What is being asked. Apart from the images, the records below need to be copied exactly.

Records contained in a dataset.

[Start of Attachment]

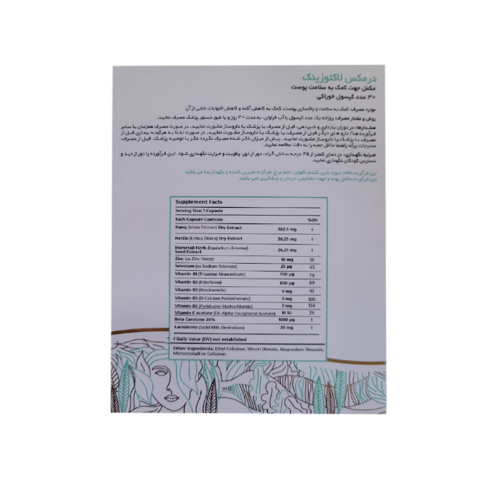 درباره محصول : لاکتوزینک، مکمل غذایی ضد جوش و آکنه برای کمک به پاکسازی و حفظ سلامت پوست دارای مواد موثره با خواص ضد میکروبی علیه باکتریهای مولد آکنه دارای اثرات ضد التهابی بواسطه ترکیباتی نظیر لاکتوفرین و عصارههای گیاهی کمک به ساخت کلاژن و ترمیم پوست، به دلیل حضور عصاره گیاه دم اسب قرص لاکتوزینک درمکس، دارای اثرات مطلوب برکنترل ترشح سبوم و تنظیم چربی پوست بهبود دهنده وضعیت آنتی اکسیدانی پوست به واسطه ترکیباتی نظیر زینک، سلنیوم و بتاکاروتن فاقد سویا، شیر، گندم، گلوتن، تخم مرغ، هرگونه شیرین کننده و نگهدارنده
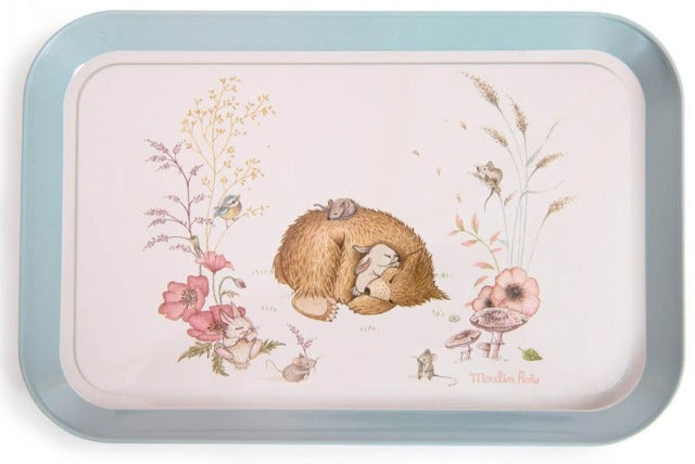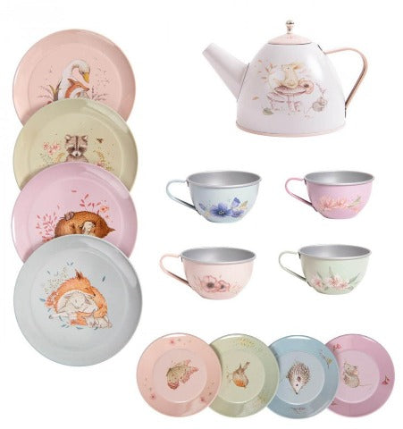 This beautiful metal tea service comes a carry-case illustrated with sweet flowers and animals.
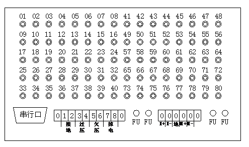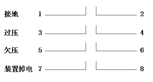 l 前面板設(shè)有4個(gè)指示燈:分別為接地報(bào)警、過壓報(bào)警、欠壓報(bào)警、通信指示。
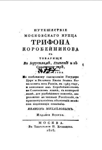 Keywords: Khojdenie Korobeinikov 1826.jpg ru Титульный лист «Хожения» Т ифона Ко обейникова издания 1826 года http //vk com/wall-35220730_4963 Author 1826 PD-old-100 Khojdenie
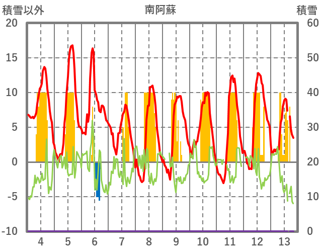 | 日 | 時 | 気温 | 降水 | 風向/風速 | 日照 | 積雪 | 降雪 |
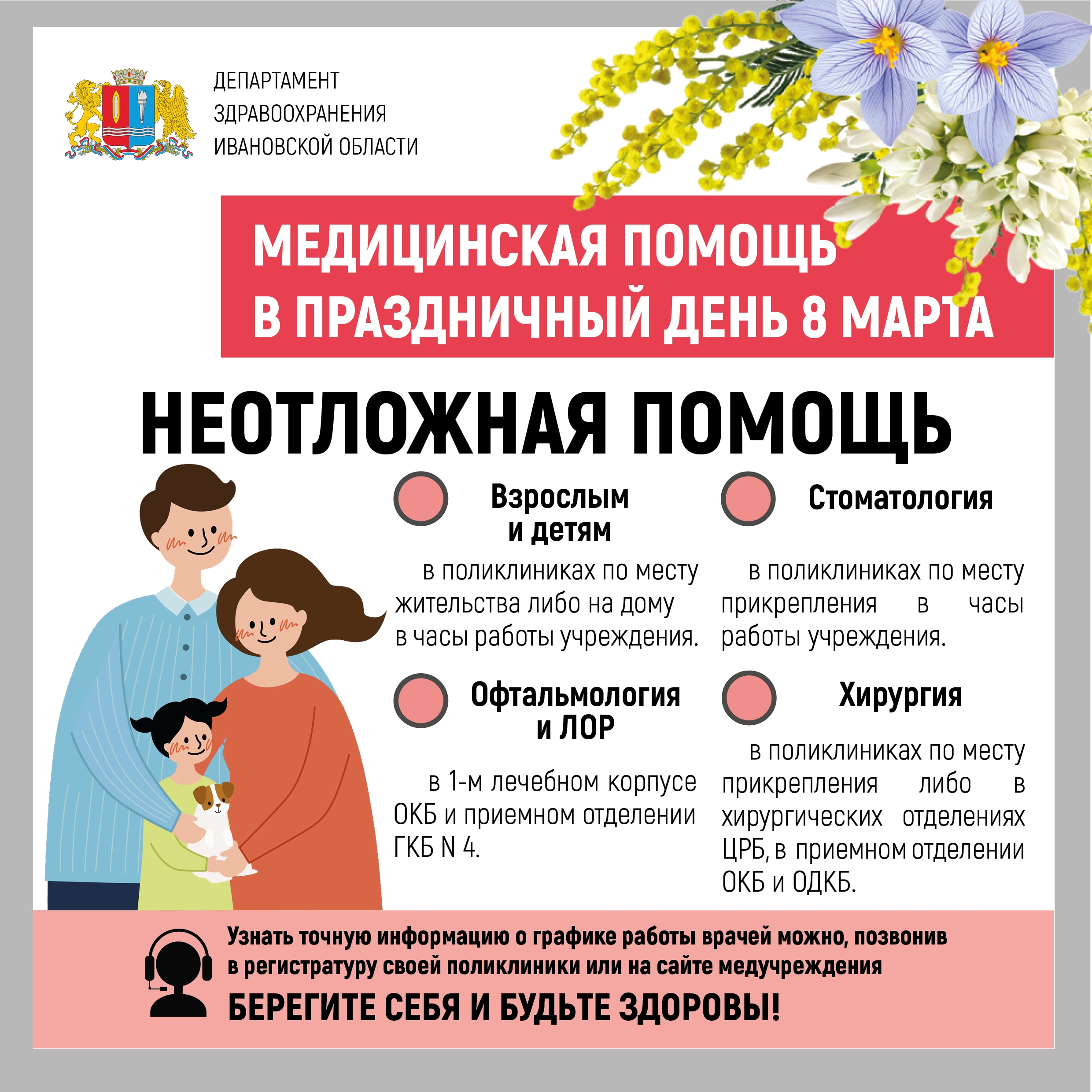 Кроме того, в часы работы поликлиник по месту жительства ивановцам будет оказана неотложная помощь в хирургии и стоматологии, а в областной клинической больнице и горбольнице №4 медики окажут помощь в области офтальмологии и отоларингологии.
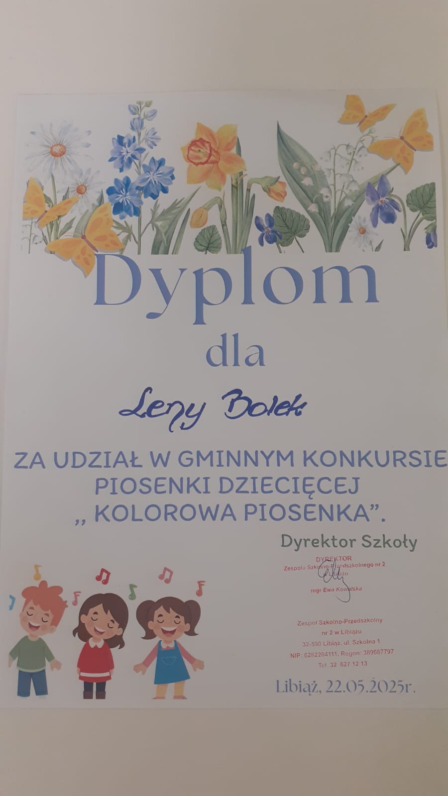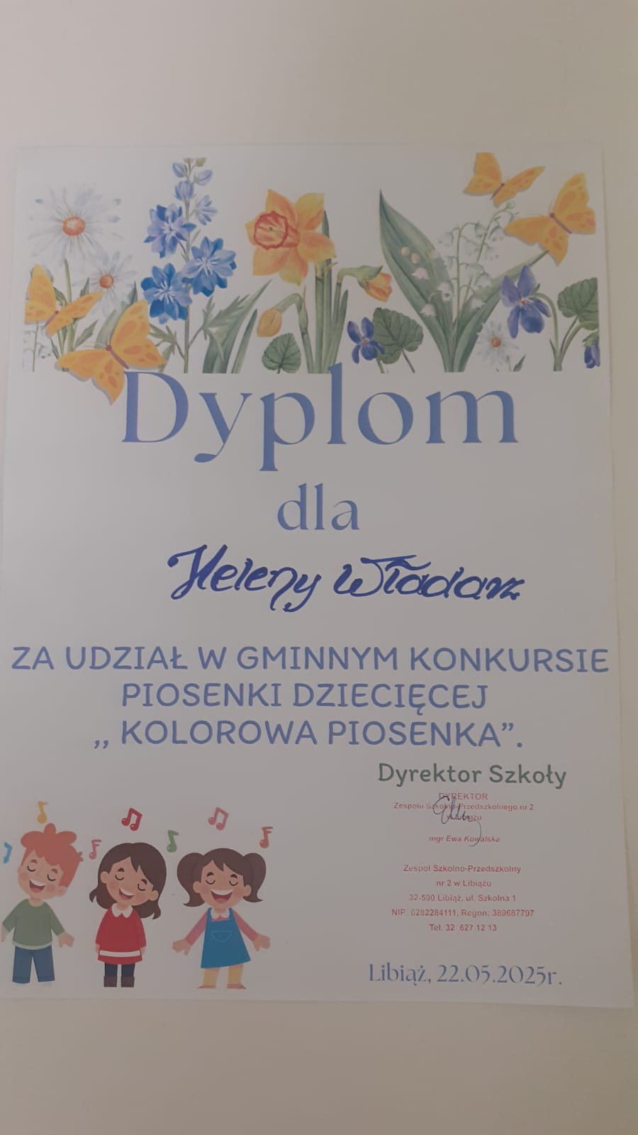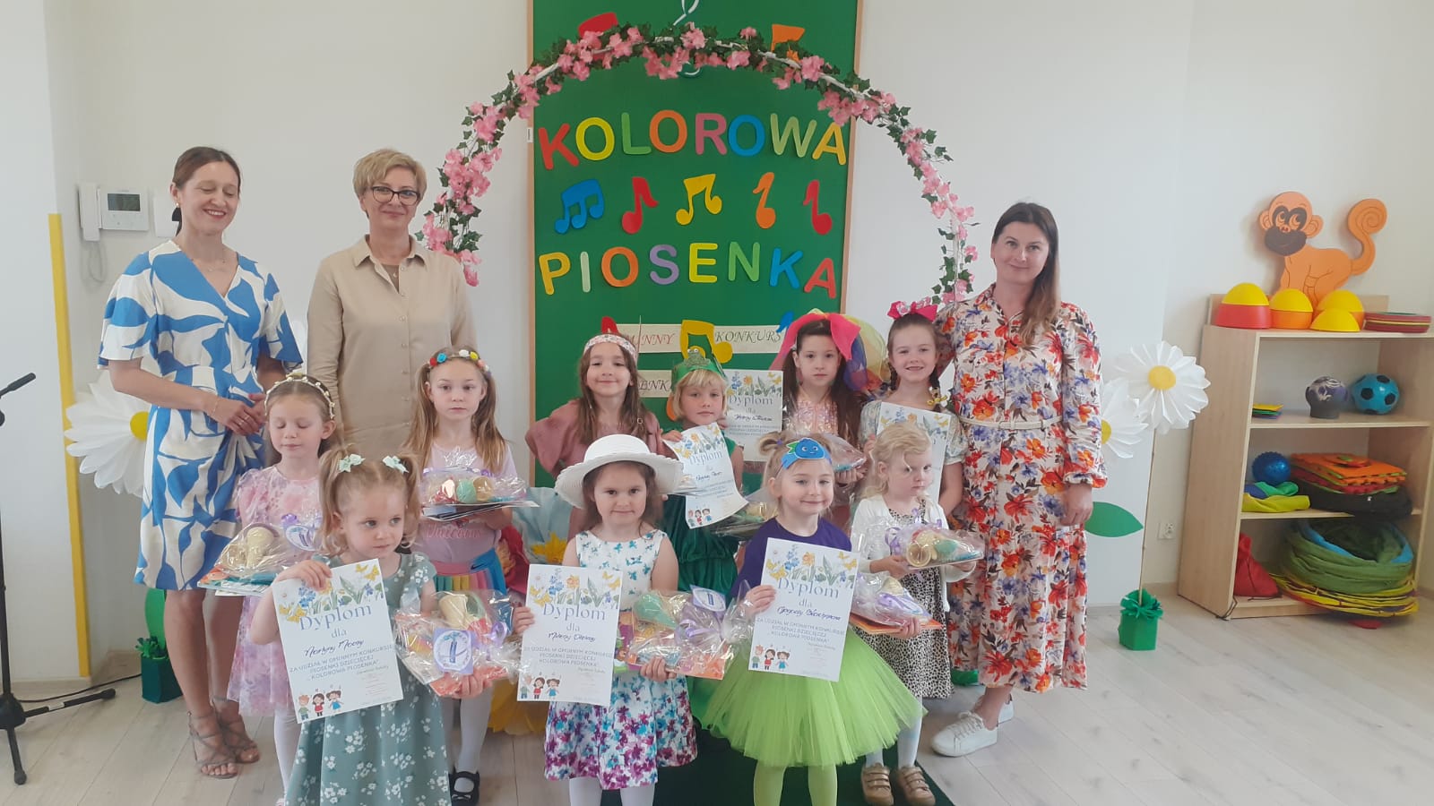 Dziewczynki z grupy Jeżyków- Helenka Władarz i Lena Bolek brały udział w Gminnym Konkursie Piosenki Dziecięcej “Kolorowa Piosenka”. Za udział wszystkie dzieci dostały dyplomy i upominki.
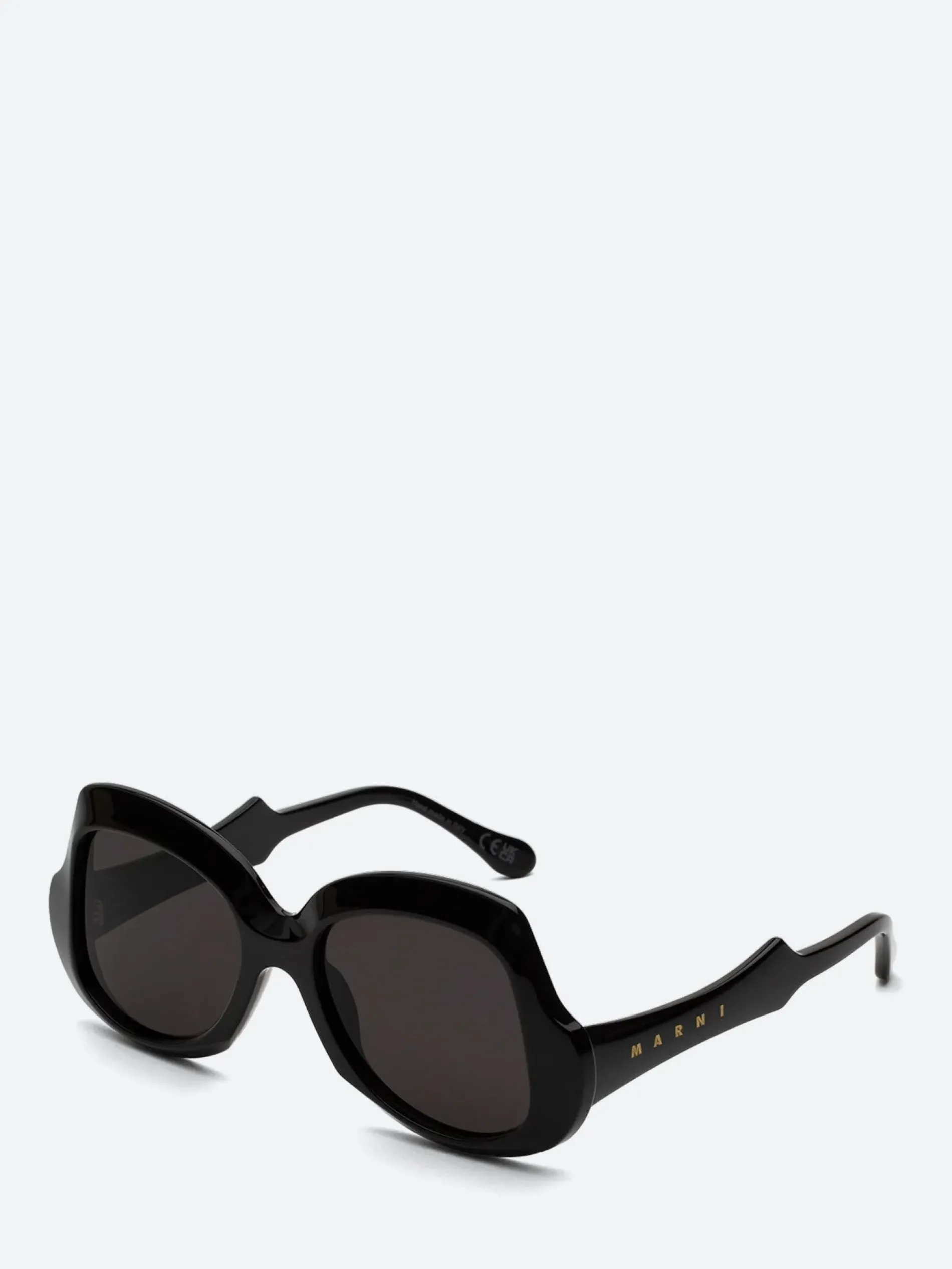 Marni sunglasses crafted from Italian acetate, with a modern, sculptural round shape. Features a gold-tone Marni logo on the outer temple.
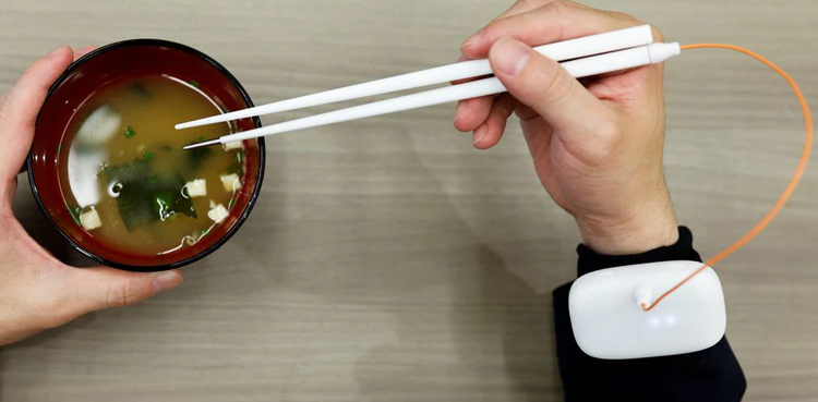 The device uses a weak electrical current to transmit sodium ions from food, through the chopsticks, to the mouth where they create a sense of saltiness, said Miyashita.
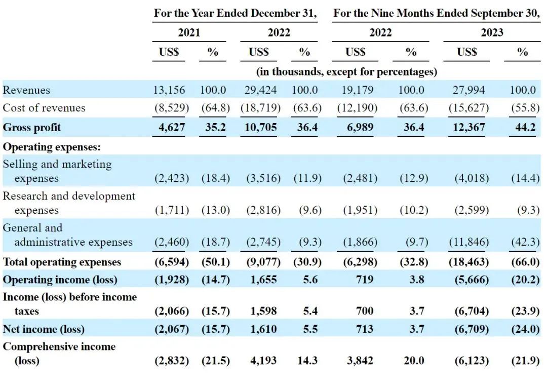 招股书显示,2021-2022年及2023年前9个月,XCharge的营收分别约为1315.6万、2942.4万、2799.4万美元;毛利分别约为462.7万、1070.5万、1236.7万美元;净利润分别约为-206.7万、161.0万、-670.9万美元。
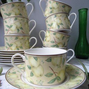 Fine Porcelain Set 8 mugs & 8 Saucers Apple Orchard by Stokes Casual MagnaStrong

[End of Attachment]

Exercise output.
 درباره محصول : لاکتوزینک، مکمل غذایی ضد جوش و آکنه برای کمک به پاکسازی و حفظ سلامت پوست دارای مواد موثره با خواص ضد میکروبی علیه باکتریهای مولد آکنه دارای اثرات ضد التهابی بواسطه ترکیباتی نظیر لاکتوفرین و عصارههای گیاهی کمک به ساخت کلاژن و ترمیم پوست، به دلیل حضور عصاره گیاه دم اسب قرص لاکتوزینک درمکس، دارای اثرات مطلوب برکنترل ترشح سبوم و تنظیم چربی پوست بهبود دهنده وضعیت آنتی اکسیدانی پوست به واسطه ترکیباتی نظیر زینک، سلنیوم و بتاکاروتن فاقد سویا، شیر، گندم، گلوتن، تخم مرغ، هرگونه شیرین کننده و نگهدارنده
 This beautiful metal tea service comes a carry-case illustrated with sweet flowers and animals.
 l 前面板設(shè)有4個(gè)指示燈:分別為接地報(bào)警、過壓報(bào)警、欠壓報(bào)警、通信指示。
 Keywords: Khojdenie Korobeinikov 1826.jpg ru Титульный лист «Хожения» Т ифона Ко обейникова издания 1826 года http //vk com/wall-35220730_4963 Author 1826 PD-old-100 Khojdenie
 | 日 | 時 | 気温 | 降水 | 風向/風速 | 日照 | 積雪 | 降雪 |
 Кроме того, в часы работы поликлиник по месту жительства ивановцам будет оказана неотложная помощь в хирургии и стоматологии, а в областной клинической больнице и горбольнице №4 медики окажут помощь в области офтальмологии и отоларингологии.
 Dziewczynki z grupy Jeżyków- Helenka Władarz i Lena Bolek brały udział w Gminnym Konkursie Piosenki Dziecięcej “Kolorowa Piosenka”. Za udział wszystkie dzieci dostały dyplomy i upominki.
 Marni sunglasses crafted from Italian acetate, with a modern, sculptural round shape. Features a gold-tone Marni logo on the outer temple.
 The device uses a weak electrical current to transmit sodium ions from food, through the chopsticks, to the mouth where they create a sense of saltiness, said Miyashita.
 招股书显示,2021-2022年及2023年前9个月,XCharge的营收分别约为1315.6万、2942.4万、2799.4万美元;毛利分别约为462.7万、1070.5万、1236.7万美元;净利润分别约为-206.7万、161.0万、-670.9万美元。
 Fine Porcelain Set 8 mugs & 8 Saucers Apple Orchard by Stokes Casual MagnaStrong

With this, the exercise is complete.